▸ Work instruction:
Output the complete listing exactly, please, and keep the pictures out of it.

▸ Data segment:
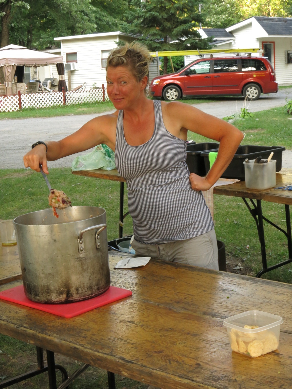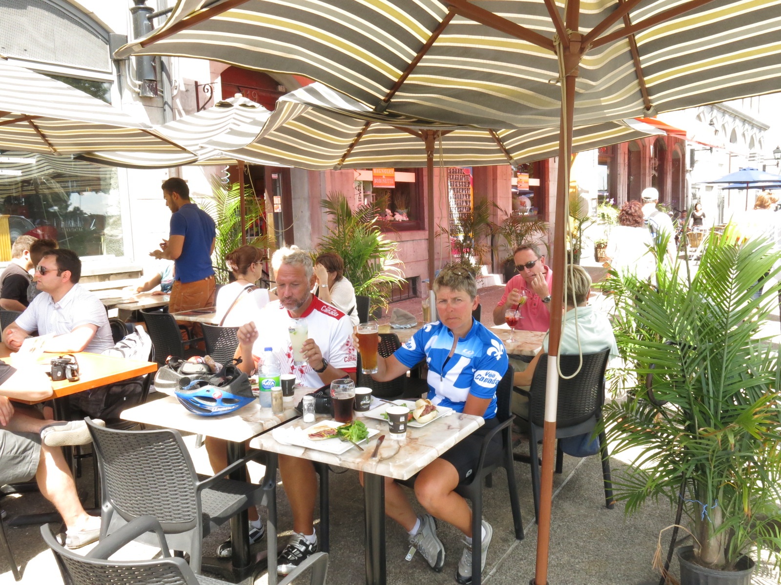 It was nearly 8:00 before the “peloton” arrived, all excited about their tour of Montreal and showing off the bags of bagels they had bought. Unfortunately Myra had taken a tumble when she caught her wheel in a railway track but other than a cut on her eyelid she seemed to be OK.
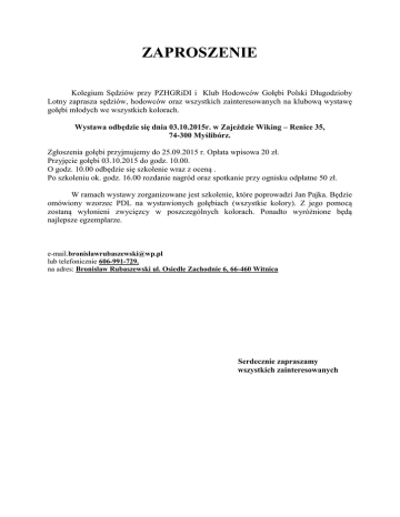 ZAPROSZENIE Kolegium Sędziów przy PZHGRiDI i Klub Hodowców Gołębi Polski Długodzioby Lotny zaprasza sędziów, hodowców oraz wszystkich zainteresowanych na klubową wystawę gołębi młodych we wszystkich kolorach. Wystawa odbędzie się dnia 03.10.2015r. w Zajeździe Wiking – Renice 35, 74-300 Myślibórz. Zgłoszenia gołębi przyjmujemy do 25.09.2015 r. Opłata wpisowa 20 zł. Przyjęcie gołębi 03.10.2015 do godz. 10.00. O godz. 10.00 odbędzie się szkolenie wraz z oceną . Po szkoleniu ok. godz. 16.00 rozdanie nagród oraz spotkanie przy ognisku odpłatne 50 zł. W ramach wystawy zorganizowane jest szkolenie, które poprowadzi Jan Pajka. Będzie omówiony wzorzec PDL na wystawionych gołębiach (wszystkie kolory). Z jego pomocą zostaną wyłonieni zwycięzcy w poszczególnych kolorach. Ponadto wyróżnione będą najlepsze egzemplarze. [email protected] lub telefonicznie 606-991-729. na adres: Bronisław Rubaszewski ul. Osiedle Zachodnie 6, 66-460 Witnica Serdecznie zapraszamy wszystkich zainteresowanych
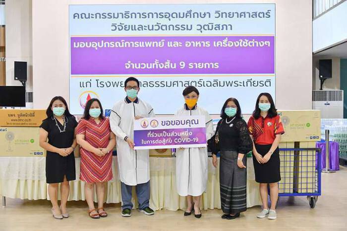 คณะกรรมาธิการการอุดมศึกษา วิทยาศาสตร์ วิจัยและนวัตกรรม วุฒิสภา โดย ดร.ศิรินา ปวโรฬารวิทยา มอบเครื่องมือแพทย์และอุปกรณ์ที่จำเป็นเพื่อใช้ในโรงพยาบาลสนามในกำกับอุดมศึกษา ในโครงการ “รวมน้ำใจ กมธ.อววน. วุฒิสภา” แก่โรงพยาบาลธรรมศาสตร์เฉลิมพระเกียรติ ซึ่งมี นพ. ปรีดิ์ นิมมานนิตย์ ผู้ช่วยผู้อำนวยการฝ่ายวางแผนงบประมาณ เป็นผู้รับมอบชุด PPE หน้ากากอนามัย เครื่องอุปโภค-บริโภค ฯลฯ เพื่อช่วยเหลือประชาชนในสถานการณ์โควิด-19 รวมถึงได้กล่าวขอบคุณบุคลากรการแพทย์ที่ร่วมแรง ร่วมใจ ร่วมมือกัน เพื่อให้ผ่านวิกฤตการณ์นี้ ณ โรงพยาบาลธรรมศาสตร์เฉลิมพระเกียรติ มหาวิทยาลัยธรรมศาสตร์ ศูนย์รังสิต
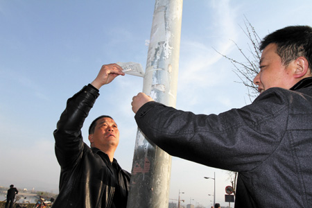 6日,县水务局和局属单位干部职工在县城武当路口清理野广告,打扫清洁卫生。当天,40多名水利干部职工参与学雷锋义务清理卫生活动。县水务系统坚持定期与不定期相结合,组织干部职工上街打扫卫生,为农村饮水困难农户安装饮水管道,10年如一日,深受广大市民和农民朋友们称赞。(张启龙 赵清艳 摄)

▸ Solution for this problem:
 It was nearly 8:00 before the “peloton” arrived, all excited about their tour of Montreal and showing off the bags of bagels they had bought. Unfortunately Myra had taken a tumble when she caught her wheel in a railway track but other than a cut on her eyelid she seemed to be OK.
 ZAPROSZENIE Kolegium Sędziów przy PZHGRiDI i Klub Hodowców Gołębi Polski Długodzioby Lotny zaprasza sędziów, hodowców oraz wszystkich zainteresowanych na klubową wystawę gołębi młodych we wszystkich kolorach. Wystawa odbędzie się dnia 03.10.2015r. w Zajeździe Wiking – Renice 35, 74-300 Myślibórz. Zgłoszenia gołębi przyjmujemy do 25.09.2015 r. Opłata wpisowa 20 zł. Przyjęcie gołębi 03.10.2015 do godz. 10.00. O godz. 10.00 odbędzie się szkolenie wraz z oceną . Po szkoleniu ok. godz. 16.00 rozdanie nagród oraz spotkanie przy ognisku odpłatne 50 zł. W ramach wystawy zorganizowane jest szkolenie, które poprowadzi Jan Pajka. Będzie omówiony wzorzec PDL na wystawionych gołębiach (wszystkie kolory). Z jego pomocą zostaną wyłonieni zwycięzcy w poszczególnych kolorach. Ponadto wyróżnione będą najlepsze egzemplarze. [email protected] lub telefonicznie 606-991-729. na adres: Bronisław Rubaszewski ul. Osiedle Zachodnie 6, 66-460 Witnica Serdecznie zapraszamy wszystkich zainteresowanych
 คณะกรรมาธิการการอุดมศึกษา วิทยาศาสตร์ วิจัยและนวัตกรรม วุฒิสภา โดย ดร.ศิรินา ปวโรฬารวิทยา มอบเครื่องมือแพทย์และอุปกรณ์ที่จำเป็นเพื่อใช้ในโรงพยาบาลสนามในกำกับอุดมศึกษา ในโครงการ “รวมน้ำใจ กมธ.อววน. วุฒิสภา” แก่โรงพยาบาลธรรมศาสตร์เฉลิมพระเกียรติ ซึ่งมี นพ. ปรีดิ์ นิมมานนิตย์ ผู้ช่วยผู้อำนวยการฝ่ายวางแผนงบประมาณ เป็นผู้รับมอบชุด PPE หน้ากากอนามัย เครื่องอุปโภค-บริโภค ฯลฯ เพื่อช่วยเหลือประชาชนในสถานการณ์โควิด-19 รวมถึงได้กล่าวขอบคุณบุคลากรการแพทย์ที่ร่วมแรง ร่วมใจ ร่วมมือกัน เพื่อให้ผ่านวิกฤตการณ์นี้ ณ โรงพยาบาลธรรมศาสตร์เฉลิมพระเกียรติ มหาวิทยาลัยธรรมศาสตร์ ศูนย์รังสิต
 6日,县水务局和局属单位干部职工在县城武当路口清理野广告,打扫清洁卫生。当天,40多名水利干部职工参与学雷锋义务清理卫生活动。县水务系统坚持定期与不定期相结合,组织干部职工上街打扫卫生,为农村饮水困难农户安装饮水管道,10年如一日,深受广大市民和农民朋友们称赞。(张启龙 赵清艳 摄)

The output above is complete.